Şimdiye kadar direnişi yakından izlemeye çalıştım… Duyduğum her eyleme katılmaya çalıştım… Birey olarak desteklediğim için, ilk oluşumlara saygılı oldum… Böyle bir eylem varsa elbette bunun sağlıklı yürümesi için düşünenler de vardır düşüncesi hakim bende… Dışarıdan bakmak bazen daha yaralı oluyor sanıyorum. Gruplar slogan gürültüleri içinde fark edemiyor bazı eksiklikleri…
İzmir’de daha eylemin üçüncü günü, saat 21.00’de Gündoğdu Meydanı’na giren İP’liler, özellikle diğer grupları tahrik etmek için ‘’Mustafa Kemal’in askerleriyiz! ’’ demeye başladı… Elbette bunu içten söyleyene sözümüz yok. Onlarla yine paylaşacak ortak noktalarımız var. Ama bunu diğerlerini tahrik etmeye yönelik görünce korkum büyümeye başladı… Ardında belli bir yöneticisi olmayan ve kendiliğinden toplanan CHP tabanı da onlara katılmaya başladı…
Neydi direnişin amacı nereye kayıyor…
Direnişin sebebi Taksim gezi parkındaki yeşil alanla sınırlı olsaydı, eylem taksim ya da İstanbul’la sınırlı kalırdı… Bu sadece bardağı taşıran son damlalardır…
Bütün yazışmalardan da anlaşıldığı gibi… Eylem demokrasinin tümüyle rafa kaldırılması, emekçi halkla dalga geçilmeye başlanması, ‘ben ne dersem o olur, o doğrudur’ mantığı, katiller ellerini kollarını sallayarak dolaşırken, çocuğu, kardeşi için ağıt yakanların bile cezalandırılması, kadın cinayetlerinin ve tecavüzlere karşı umursamaz tavırlar, hatta teşviklere karşı, Robosky, Reyhanlı ve diğer birçok katliamların suçlularının saklanması, son otuz yılda ücretlerin ¼ oranında azalması, sendikaların anti-demokratik yasalarla eritilmesi, örgütsüz işçilerin iş garantisinin kalmaması, emeklilik imkanlarının ortadan kaldırılması, üniversite gençliğinin mezuniyetten sonra işsiz dolaşması, ülkemizin birçok yerinde NATO’ya askeri üs verilmesi, komşularımızla aramızda dostlukların bozulup, her an savaş çıkarma riskinin artması, Üniversitelerin eğitim amaçlı değil, ticari amaçlı kurumlar haline dönüştürülmesi…

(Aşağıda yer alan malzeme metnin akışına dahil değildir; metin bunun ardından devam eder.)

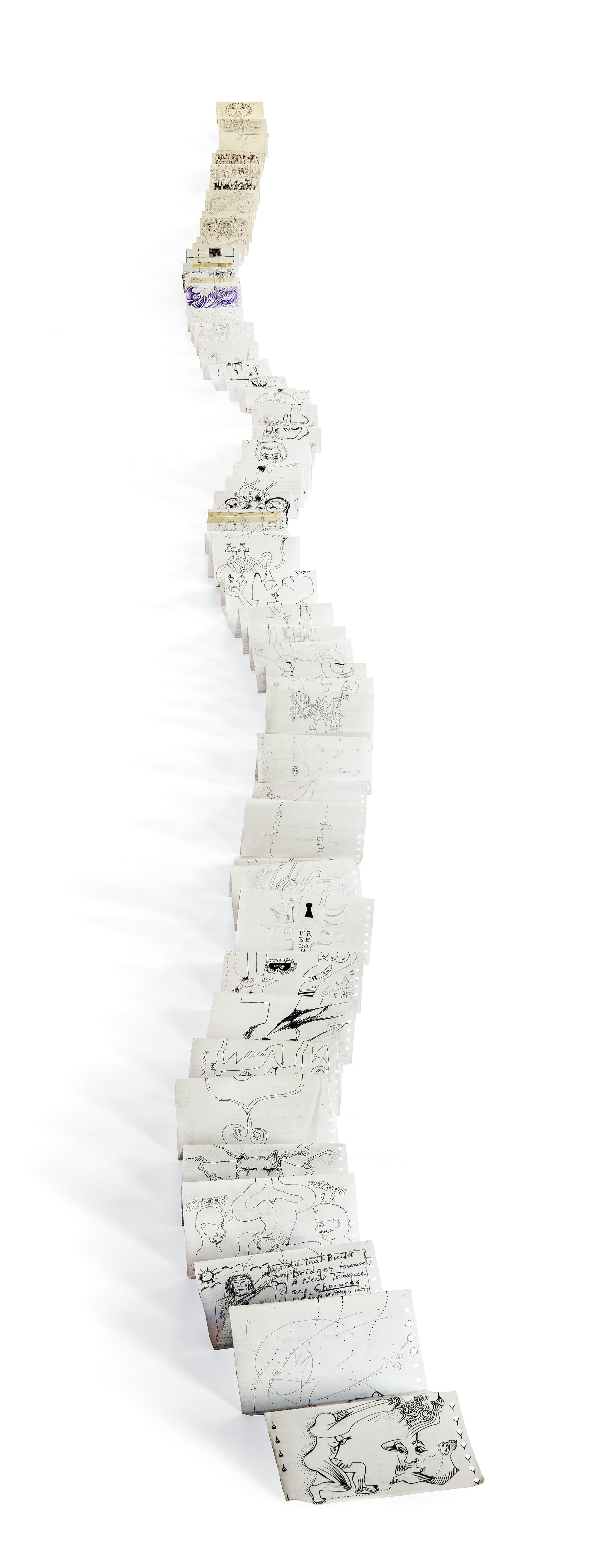 The inexhaustibly fascinating Ted Joans — an African-American artist, passionate advocate of pan-Africanism, and self-styled Surrealist jazz poet — is well-represented by a section given over to his collages, which marry Max Ernst and Romare Bearden. Also in the section devoted to Joans is his cadavre exquis (exquisite corpse) “Long Distance” (1976–2005), a 30-foot-long collaborative drawing, 30 years in the making, which includes contributions by William S. Burroughs, Ishmael Reed, Dorothea Tanning, and Amiri Baraka.
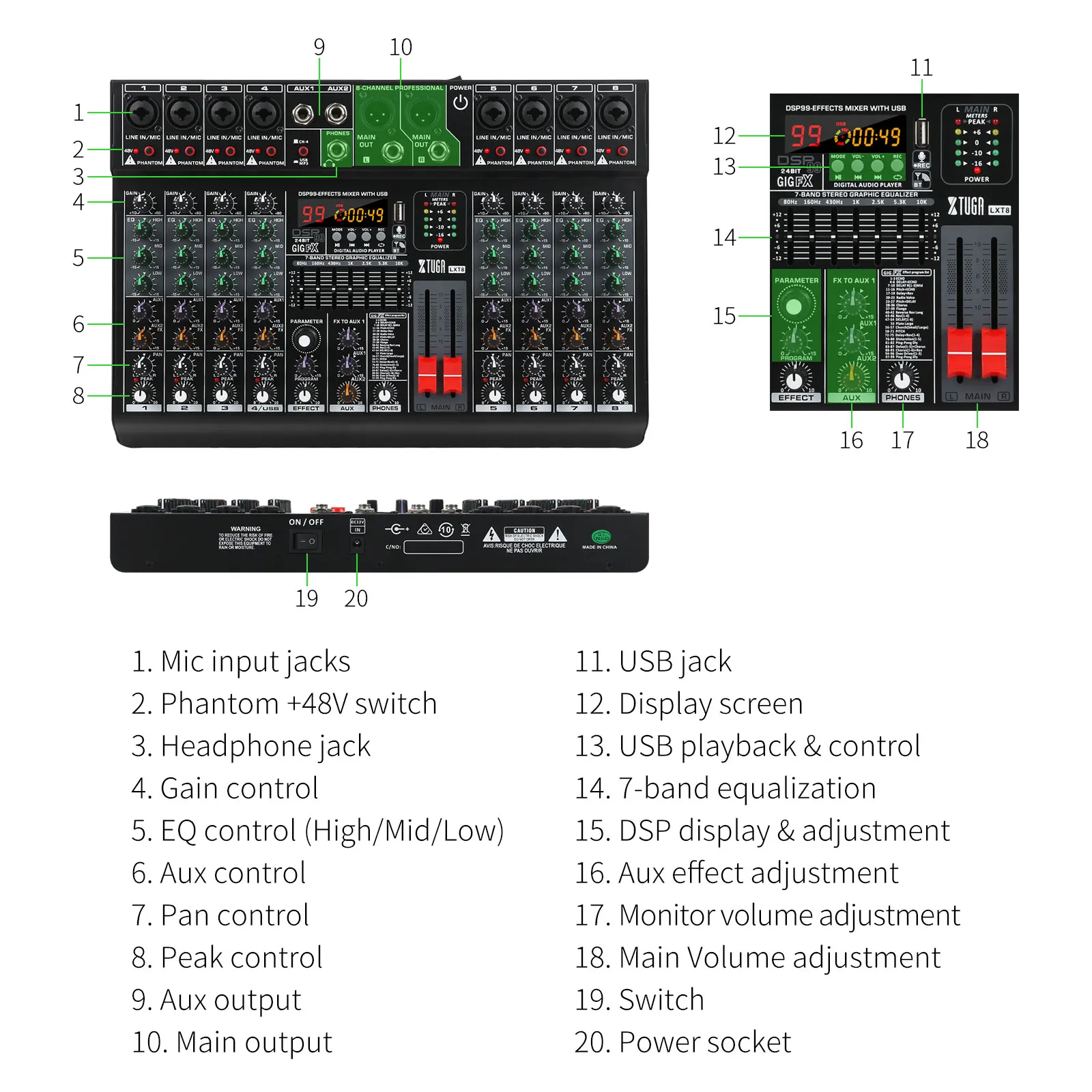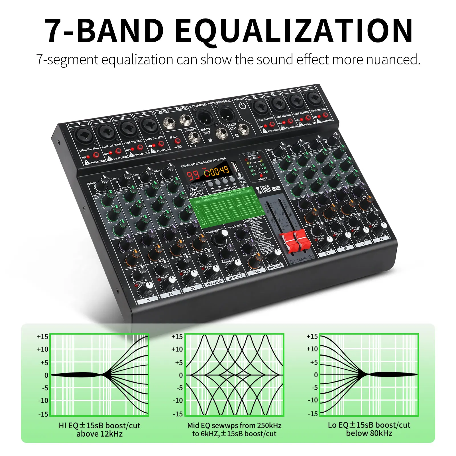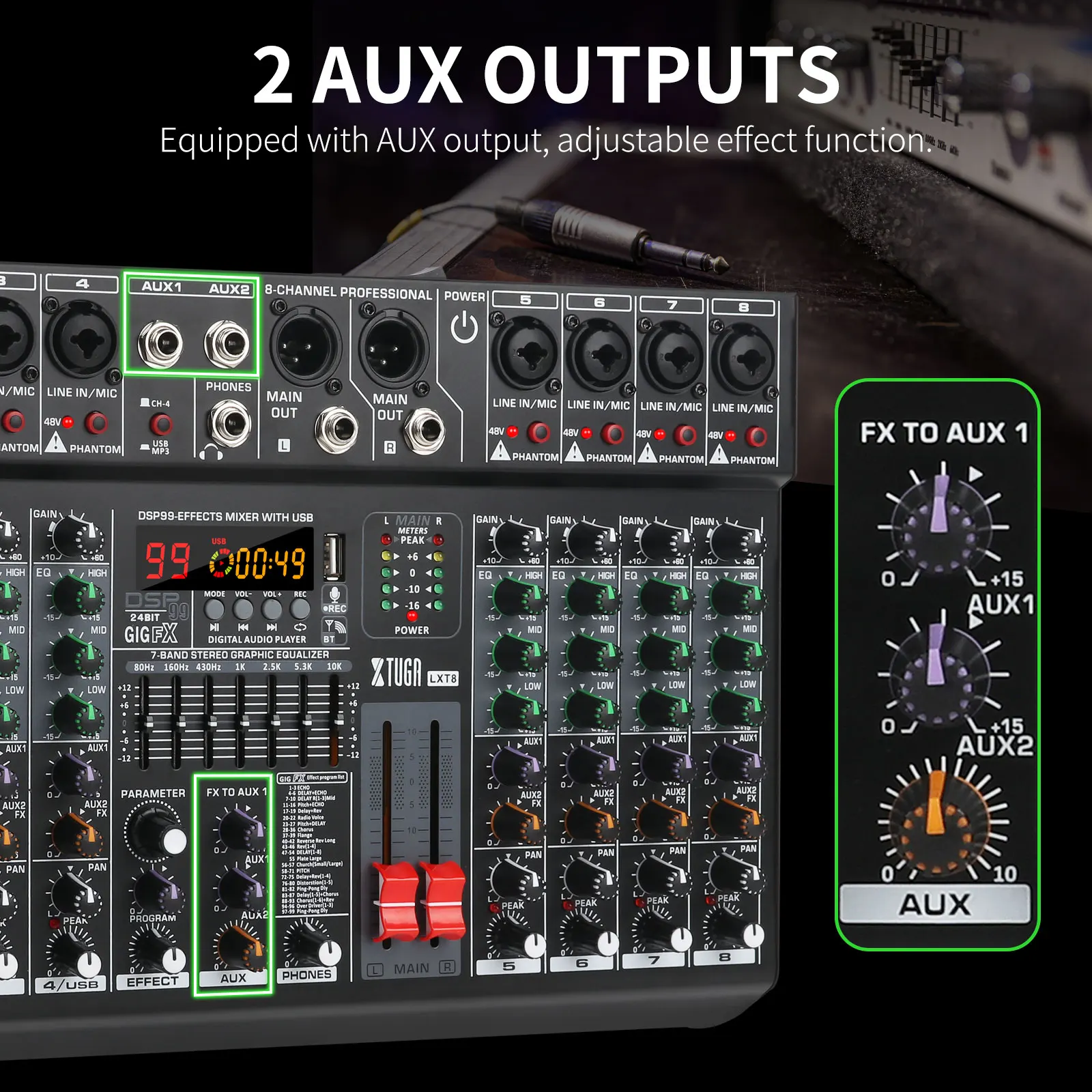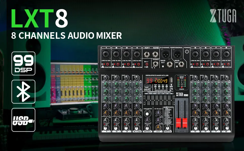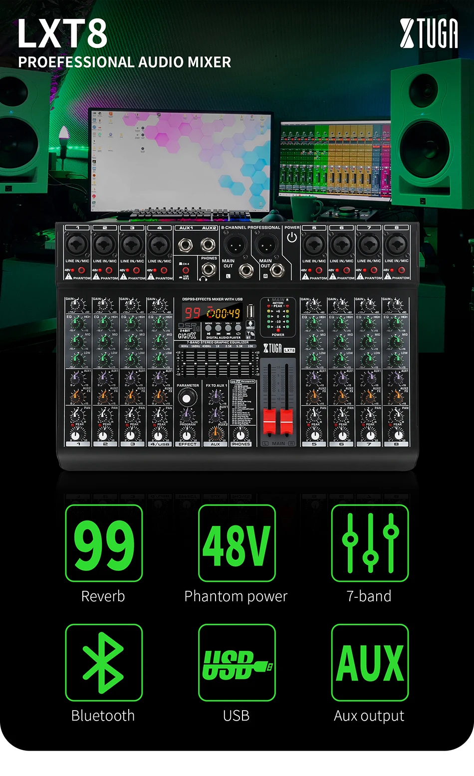 XTUGA LXT8 Professional DJ Mixer 8-Channel Mixer Supports 48V Wanda Power With 99 DSP Effects For Stage Tuning Recording Studio
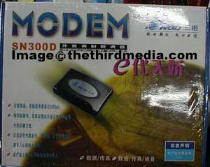 | 今天笔者正在市场里转悠,突然一家卖MODEM的柜台打出的广告吸引了我,上面写着:三诺超级MODEM“e-代天骄”现已到货,外置CL双芯片仅售340元。 哦,三诺,不是做音箱的厂商吗,怎么也开始趟起MODEM这片混水来了...立刻去看货,没想到,这款MODEM是塑封的,所以其庐山真面目具体是什么样,笔者也没能见到,不过商家说里面的东西和包装上面的图片一模一样,(见图)没办法,只好听听这款MODEM的具体性能指标了。 商家介绍说这款MODEM是外置的(废话),采用的是CL的双芯片结构,这可以在一定程度上提高MODEM在连接时的稳定性,具体的情况大家可以参考一款X达的同样芯片的产品,其稳定程度在网友中间是有口皆碑的。另外商家还介绍说这款MODEM可以支持V.92标准,其实现在V.92还不被众多ISP所支持,所以现阶段说支持V.92标准的不过是厂商招徕顾客的一种手段罢了。

Bunlar gibi bütün toplumumuzu rahatsız eden sayısız sebepler var. Başlayan direniş, iyi bir organizasyonla sürdürülmezse sonuç perişanlığa dönüşür…
Evet, ilk defa tabandan gelen, genç insanların hareketi olarak çok önemli bir direniştir… Ancak kendiliğinden gelen bu direnişle sonuçta 68 gençlik hareketleri gibi sönümlenip gider… Hatta sonuçta egemen güçlerin işine yarar… 15-16 haziran olayları da önemliydi, ancak sendikalar o harekette de kontrolü elden kaçırdı… Partiler de kontrol edemedi, sonuçta iki sendika yasasının değiştirilmesiyle sınırlı kaldı… Tekel direnişinde de ücret zammından fazla bir şey elde edilemedi… Zaten beklenemezdi de. Basın fazla abarttığı için değiniyorum… Basın bütün iç potansiyelleri görmezden gelerek, patladıktan sonra da olduğundan fazla abartarak toplumları yanıltmakla görevli gibi…
Denizler ortasında bak yelkensiz bıraktın,
Öylesine yıktın ki bütün inançlarımı;
Beni bensiz bıraktın; beni sensiz bıraktın.